**YOUR ASSIGNMENT**
The material below has pictures in it. Set down only the lines from the line containing "Goyard戈雅,宽度3.0" through the line containing "Украшает сад и", word for word, and leave the pictures behind.

**GIVEN ENTRIES**
============================================================

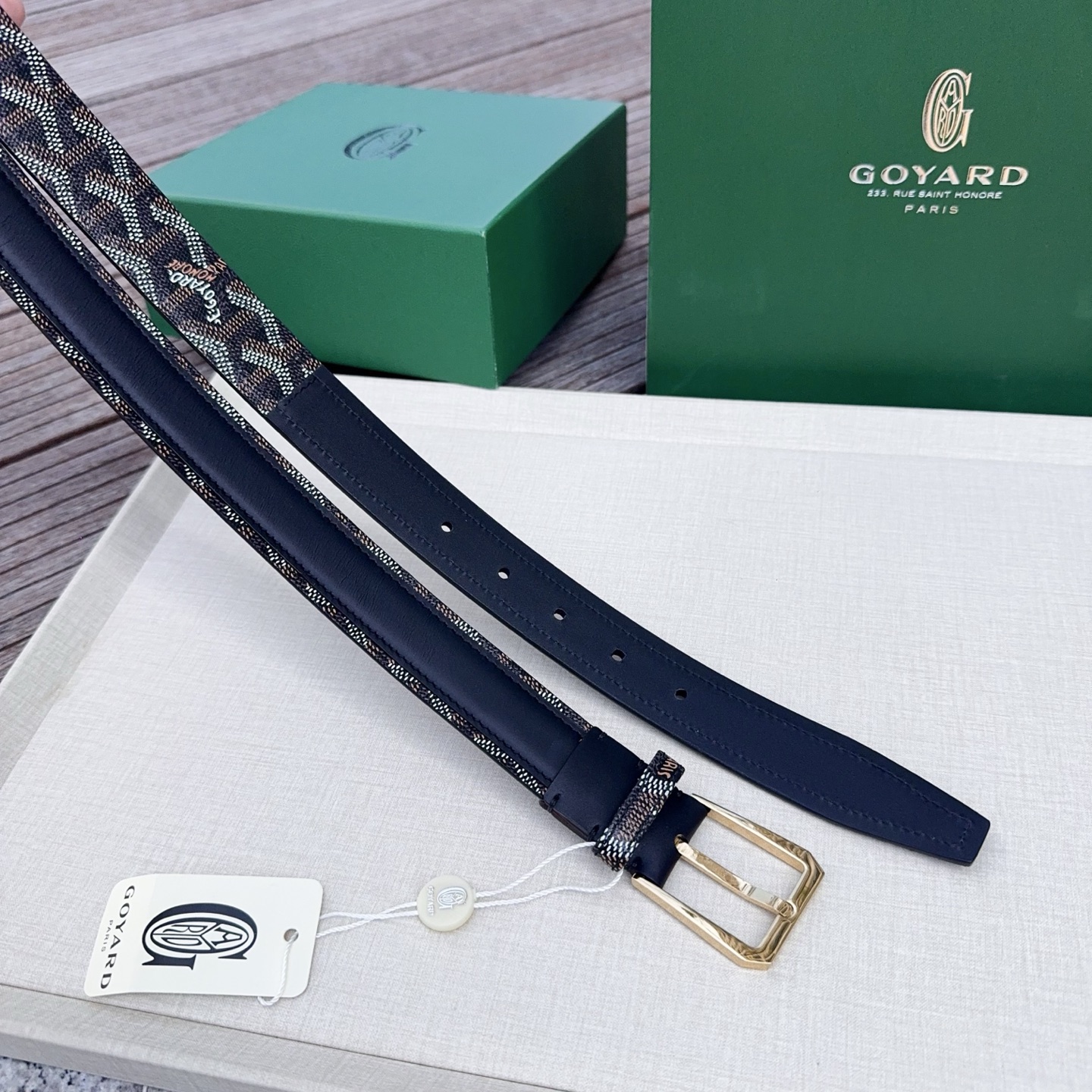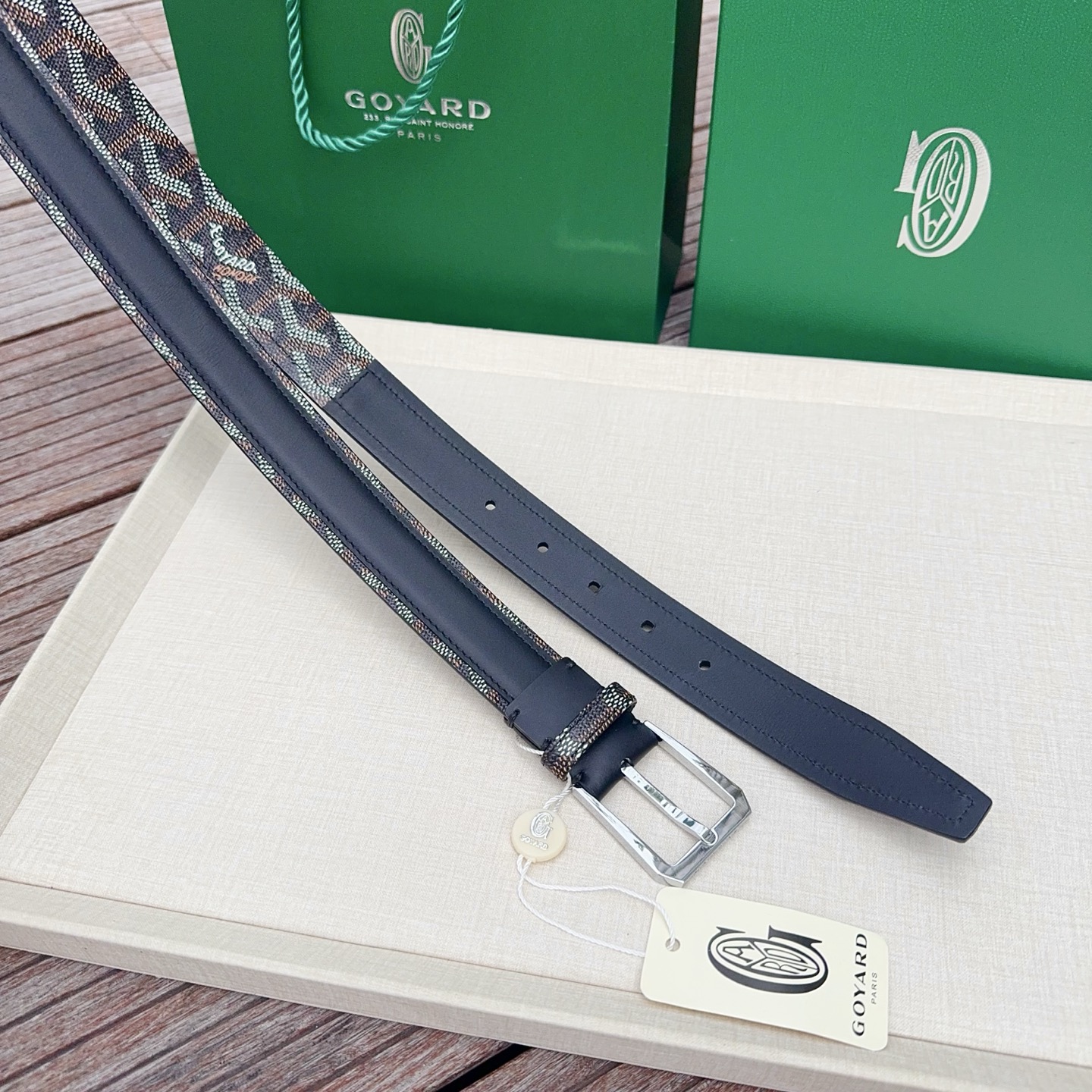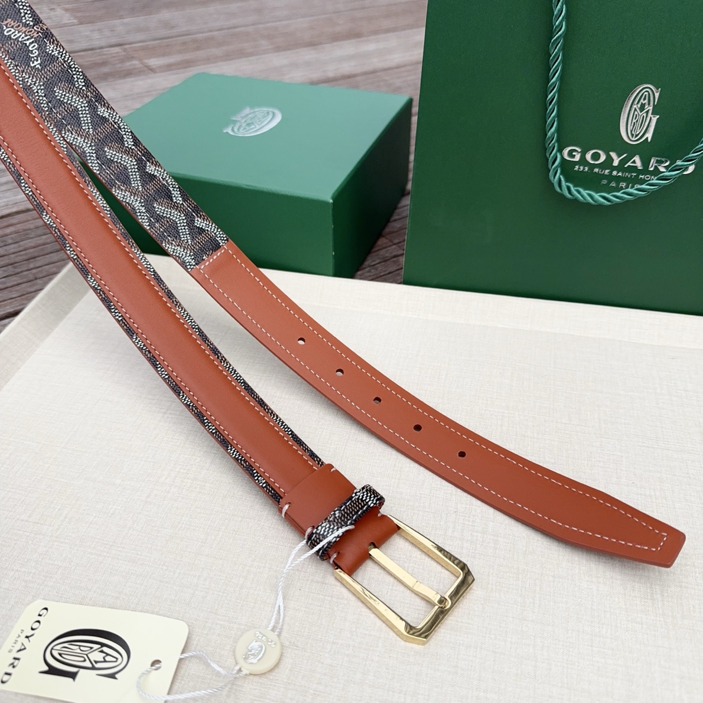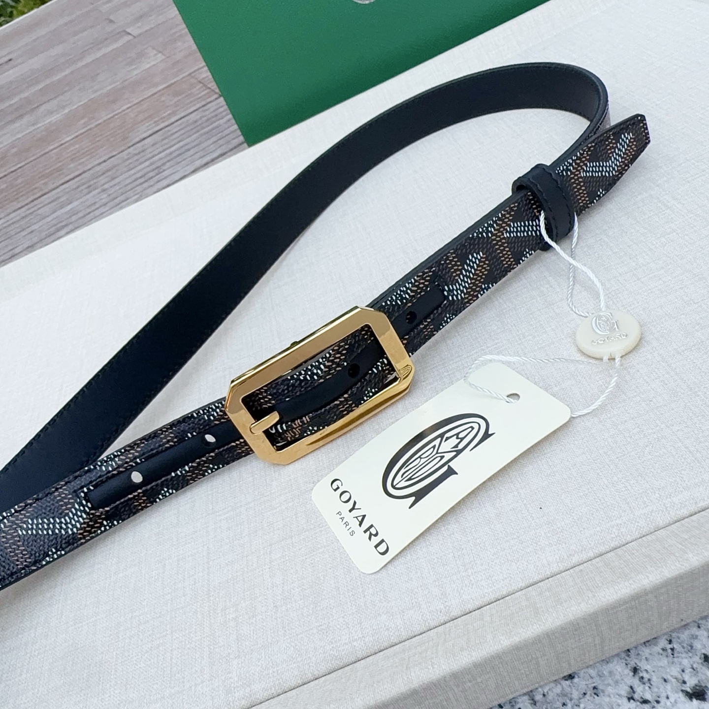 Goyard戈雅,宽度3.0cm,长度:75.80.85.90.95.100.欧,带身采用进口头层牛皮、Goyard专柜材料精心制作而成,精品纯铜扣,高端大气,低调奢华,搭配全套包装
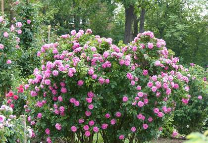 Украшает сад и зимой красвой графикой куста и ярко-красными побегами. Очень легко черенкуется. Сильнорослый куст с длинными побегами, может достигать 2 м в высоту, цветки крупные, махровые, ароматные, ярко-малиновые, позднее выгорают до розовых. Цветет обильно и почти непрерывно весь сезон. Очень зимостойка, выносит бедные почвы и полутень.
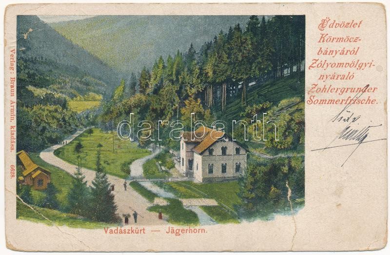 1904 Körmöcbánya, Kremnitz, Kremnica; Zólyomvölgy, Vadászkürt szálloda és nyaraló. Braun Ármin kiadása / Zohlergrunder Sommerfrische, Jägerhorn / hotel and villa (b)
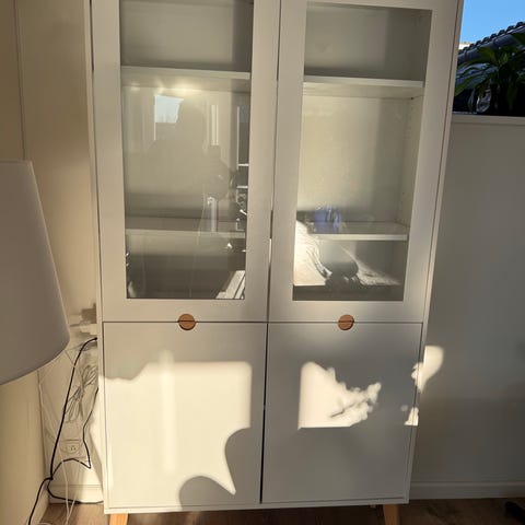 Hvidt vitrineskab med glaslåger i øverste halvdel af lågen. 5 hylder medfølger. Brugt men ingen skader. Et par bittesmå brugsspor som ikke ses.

============================================================

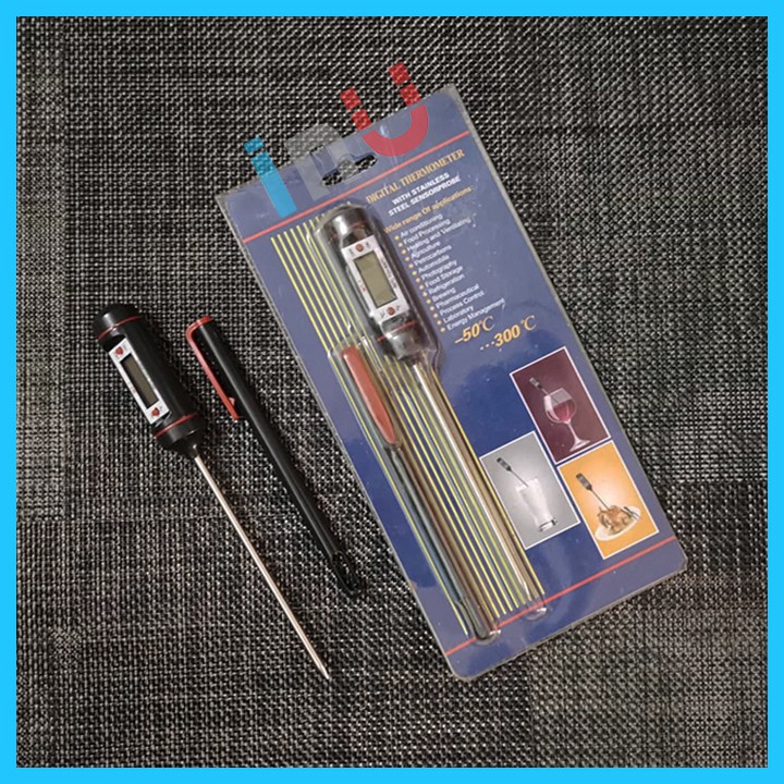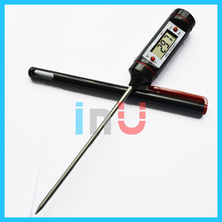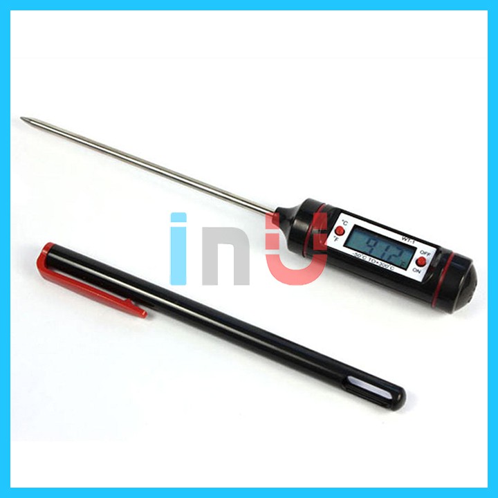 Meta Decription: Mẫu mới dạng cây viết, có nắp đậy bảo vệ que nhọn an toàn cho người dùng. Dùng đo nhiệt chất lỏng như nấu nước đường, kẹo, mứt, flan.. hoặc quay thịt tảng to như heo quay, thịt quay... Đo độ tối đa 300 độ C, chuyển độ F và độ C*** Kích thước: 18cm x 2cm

============================================================

**TASK SOLUTION**
 Goyard戈雅,宽度3.0cm,长度:75.80.85.90.95.100.欧,带身采用进口头层牛皮、Goyard专柜材料精心制作而成,精品纯铜扣,高端大气,低调奢华,搭配全套包装
 Украшает сад и зимой красвой графикой куста и ярко-красными побегами. Очень легко черенкуется. Сильнорослый куст с длинными побегами, может достигать 2 м в высоту, цветки крупные, махровые, ароматные, ярко-малиновые, позднее выгорают до розовых. Цветет обильно и почти непрерывно весь сезон. Очень зимостойка, выносит бедные почвы и полутень.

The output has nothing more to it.